I wrote a few years ago about my neighbour who, though born a sheep-farmer with hectares attached to his patrimony, became in his middle years a stone-mason . . . and found thereby fulfillment if perhaps not unalloyed happiness. I noted there Bill Bryson's epiphany that, despite being born in Dumpy, Iowa he was at heart a European whither he went as soon as ever he could. But these boys are the exception; almost all of us get trammelled by our class and culture, education and upbringing and plain geographic inertia and finish up growing to look uncannily like our parents. For people like me, the expectation is that you go to University because your whole class is going there like a platoon: exchanging the school uniform for another set of cultural and clothing norms. Damned difficult to kick over the traces and become a hair-dresser, lumberjack or carpenter. Likewise it's hard enough for the son of a chippy to land a middle-class job teaching in The Institute.
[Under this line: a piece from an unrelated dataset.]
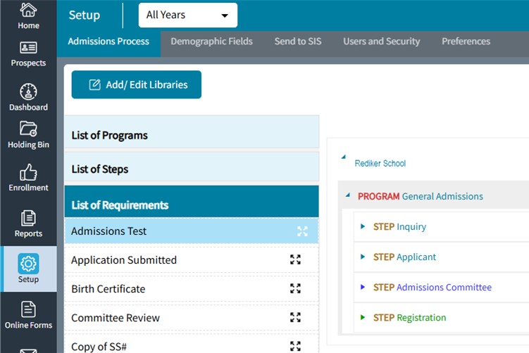 A Program groups prospective students together within the same grade level with the same list of requirements. A group of prospects within the same grade level with a different list of requirements would qualify for an additional program. For example: International students would have different requirements than domestic students. Boarding students would have different requirements than day students.

This is why I find stories of people, men and women, who reinvent themselves as adults so inspiring. When I was failing-to-thrive in my second year in college, I talked about dropping out to become a carpenter, but only got as far as looking wistfully through the window of a place in Temple Bar, Dublin called Rough Deal which made kitchen tables and similar robust items of practical furniture. As my only qualification was having made a remarkably uncomfortable chair out of a tea-chest, I doubt if the shop would have entertained my fantasies. I'm not a carpenter, I'm more of a generalist, a bodger in a few fields but insufficiently focused to make a living from any of them.
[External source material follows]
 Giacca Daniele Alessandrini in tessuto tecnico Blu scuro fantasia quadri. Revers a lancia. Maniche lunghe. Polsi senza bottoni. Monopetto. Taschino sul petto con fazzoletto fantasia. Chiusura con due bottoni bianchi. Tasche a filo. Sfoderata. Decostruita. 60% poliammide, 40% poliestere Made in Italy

Here's a wonderful story about a boy from Sydney, one of the indigenous dispossessed, who by accident became an ice-skater and is now shaking the world of figure skating by its diamanté lapels. A very large part of skating is about physics - you spin slower if you throw out your arms & you need to be close to the ground - and there is a certain amount of being the right size to succeed. When Harley grew too tall to be a likely soloist, his coach made him try mixed doubles. Nobody in his orbit, nobody in Australia, could be found to match his style but the networked themselves to Moscow and tried out with Екатерина Дмитриевна Александровская. He is tall and has ears like sails, she is short and has a blond pony-tail, together they are MAGIC. It's insane what they expect girls to do in this circus: zing at 40km/h across a cold hard surface 2.5 metres high and upside down, supported on one hand by a chap she'd never heard of two years ago. Here's just one clip: Gdansk 2017. What I find amazing is that they can travel in parallel at turbo-speed without looking at each other - they just know whether the other is. And reflect that, when they met they were monoglots: she Russian, him English. The throwing each other in the air, the spins, the jumps, the stops, they're just razz-ma-tazz; the key thing is the trust, the empathy and the courage of young Екатерина.